Several Quirogas traveled to Chile in expeditions and later the house of Quiroga expanded through Chile as many of those travelers settled and created new branches. The most well known was Rodrigo De Quiroga, Mayor of Santiago in the late 16th century. Many Quirogas in Chile followed in his footsteps and became mayors of other cities throughout Chile in the 17th century.

In 1557 Juan De Losada y Quiroga traveled to Chile and became Governor of Ciudad De Los Confines (1560–1563), Constable Major of Santiago (1566). He was knighted to Knight of the Order of Santiago. As a general, he commanded the 500 reinforcements in the Battle of Arauco (1574) and died on May 19, 1575, aboard the ship Angel Gabriel in the gulf of the Island of Santo Domingo en route to Chile.

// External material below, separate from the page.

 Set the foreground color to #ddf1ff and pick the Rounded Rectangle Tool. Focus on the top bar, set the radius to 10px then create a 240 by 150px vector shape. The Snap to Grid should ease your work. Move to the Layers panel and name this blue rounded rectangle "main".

His nephew Nicolás De Quiroga was on that expedition of 1575. Nicolás was promoted to the rank of captain in 1579, 2nd lieutenant major in 1580, and later served as a High Justice. He was married in 1581 to Ana Farra Ferris De Gamboa, and the two of them helped to propagate the Quiroga name throughout Chile. Nicolás was also a patron to the Convent of Merced.

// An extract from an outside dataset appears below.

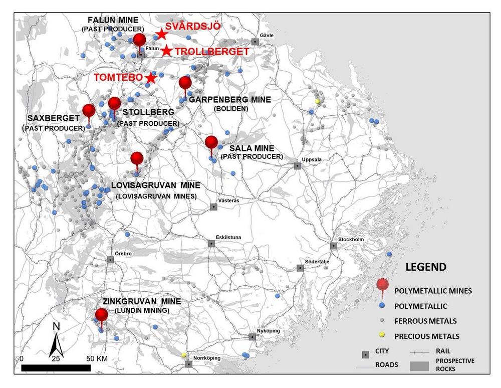 - Svärdsjö is located 25 km to the north of the Tomtebo Property, and contains similar host rocks, structure, alteration, and mineralization styles as the Garpenberg Mine, Historic Falun Mine, and the Tomtebo Property.

Another notable Quiroga was born in 1878 in the river town of Salto, Uruguay; his name was Horacio Quiroga. By the year 1900, the 22-year-old was already published in various literary journals. Horacio published many stories, including the following English translated anthologies The Decapitated Chicken and Other Stories, South American Jungle Tales, and The Exile and Other Stories. Horacio was operated for prostate cancer in late 1936 and committed suicide a few months later.